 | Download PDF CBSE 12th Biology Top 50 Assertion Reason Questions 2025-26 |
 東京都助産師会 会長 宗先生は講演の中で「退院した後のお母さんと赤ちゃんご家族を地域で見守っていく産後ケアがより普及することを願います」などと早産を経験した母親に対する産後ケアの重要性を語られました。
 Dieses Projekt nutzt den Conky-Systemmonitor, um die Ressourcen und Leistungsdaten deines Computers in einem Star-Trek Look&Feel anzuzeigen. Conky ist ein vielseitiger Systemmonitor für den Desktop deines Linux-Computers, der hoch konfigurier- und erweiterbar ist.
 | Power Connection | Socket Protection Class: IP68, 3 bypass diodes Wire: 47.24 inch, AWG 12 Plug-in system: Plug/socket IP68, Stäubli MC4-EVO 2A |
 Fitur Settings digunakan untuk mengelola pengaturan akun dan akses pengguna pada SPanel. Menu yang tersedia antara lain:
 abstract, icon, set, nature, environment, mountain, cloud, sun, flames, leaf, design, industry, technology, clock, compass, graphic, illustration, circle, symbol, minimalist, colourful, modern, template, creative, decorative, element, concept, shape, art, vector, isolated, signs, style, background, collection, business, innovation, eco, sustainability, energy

--

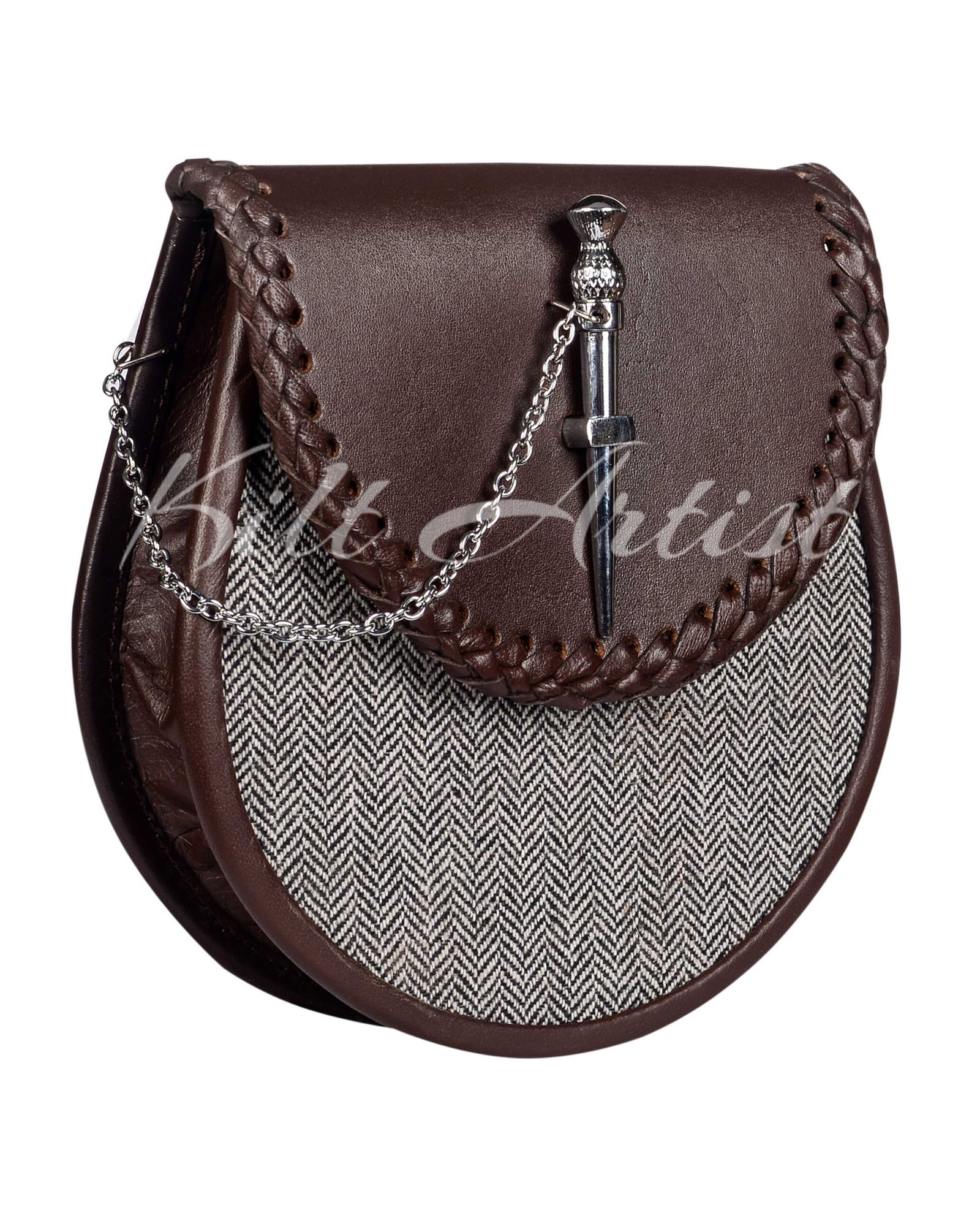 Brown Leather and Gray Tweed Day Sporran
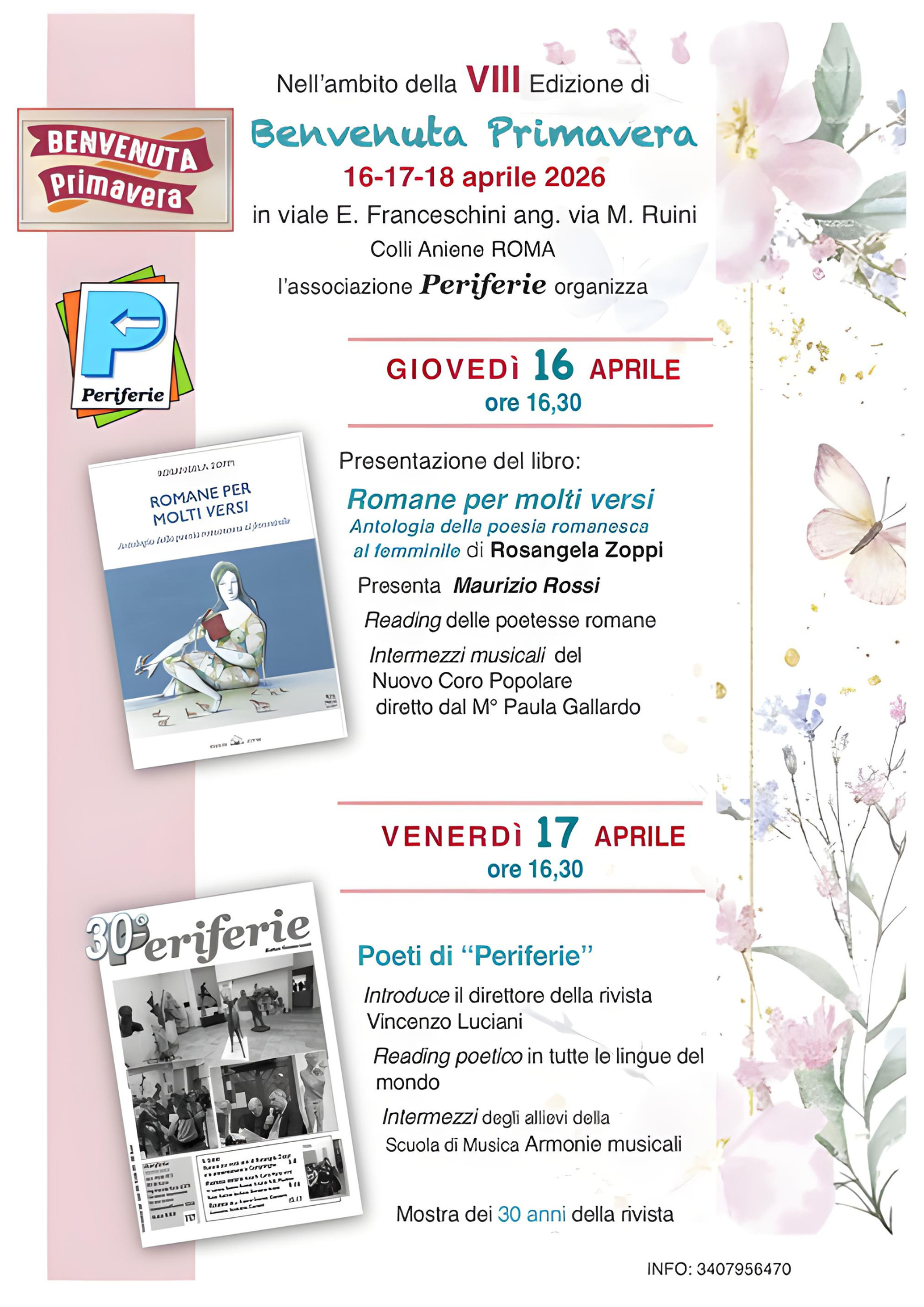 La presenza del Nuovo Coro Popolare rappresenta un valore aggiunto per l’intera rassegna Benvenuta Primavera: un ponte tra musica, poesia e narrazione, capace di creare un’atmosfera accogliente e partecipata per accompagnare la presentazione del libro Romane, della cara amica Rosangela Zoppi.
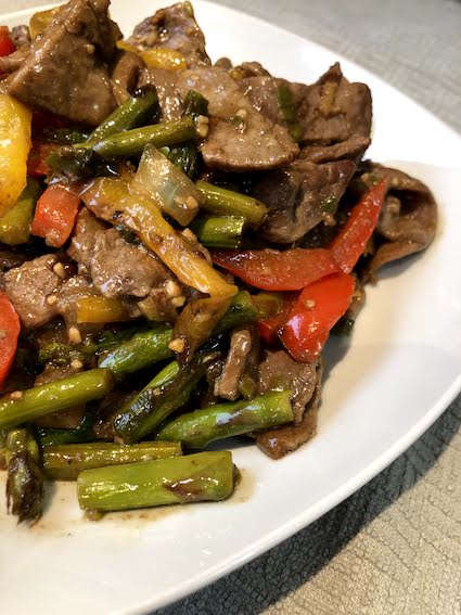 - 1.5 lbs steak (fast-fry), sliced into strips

...

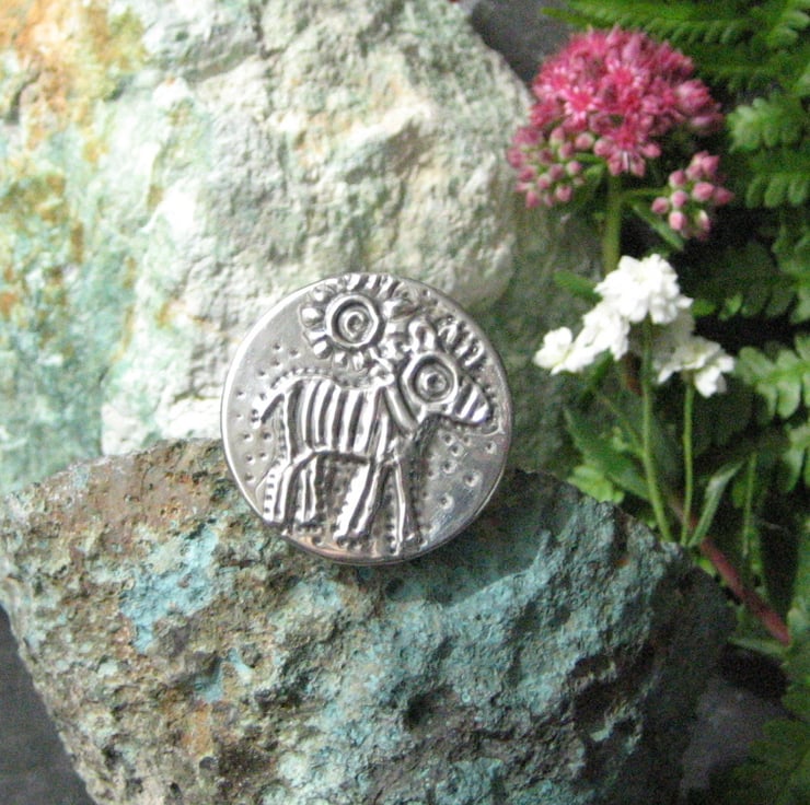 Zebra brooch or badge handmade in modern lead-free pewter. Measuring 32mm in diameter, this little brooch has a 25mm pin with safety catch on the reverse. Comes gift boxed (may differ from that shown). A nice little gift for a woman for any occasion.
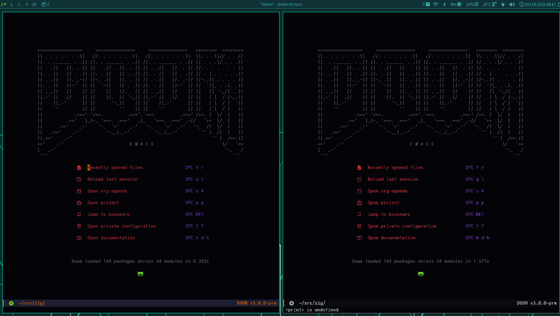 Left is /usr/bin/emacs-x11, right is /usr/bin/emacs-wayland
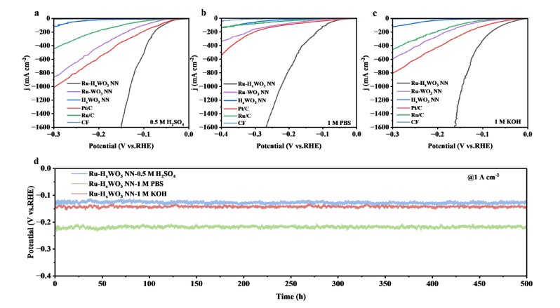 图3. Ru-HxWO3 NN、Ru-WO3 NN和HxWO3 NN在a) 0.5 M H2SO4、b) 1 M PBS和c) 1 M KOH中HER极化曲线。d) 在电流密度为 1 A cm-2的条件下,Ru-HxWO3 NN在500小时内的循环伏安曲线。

▶ [Assignment]: Write out, word for word, the stretch of entries that begins at the line with "Zebra brooch or" and ends at the line with "图3. Ru-HxWO3 NN、Ru-WO3". Pictures do not belong in it.

▶ [Answer for this exercise]:
 Zebra brooch or badge handmade in modern lead-free pewter. Measuring 32mm in diameter, this little brooch has a 25mm pin with safety catch on the reverse. Comes gift boxed (may differ from that shown). A nice little gift for a woman for any occasion.
 Left is /usr/bin/emacs-x11, right is /usr/bin/emacs-wayland
 图3. Ru-HxWO3 NN、Ru-WO3 NN和HxWO3 NN在a) 0.5 M H2SO4、b) 1 M PBS和c) 1 M KOH中HER极化曲线。d) 在电流密度为 1 A cm-2的条件下,Ru-HxWO3 NN在500小时内的循环伏安曲线。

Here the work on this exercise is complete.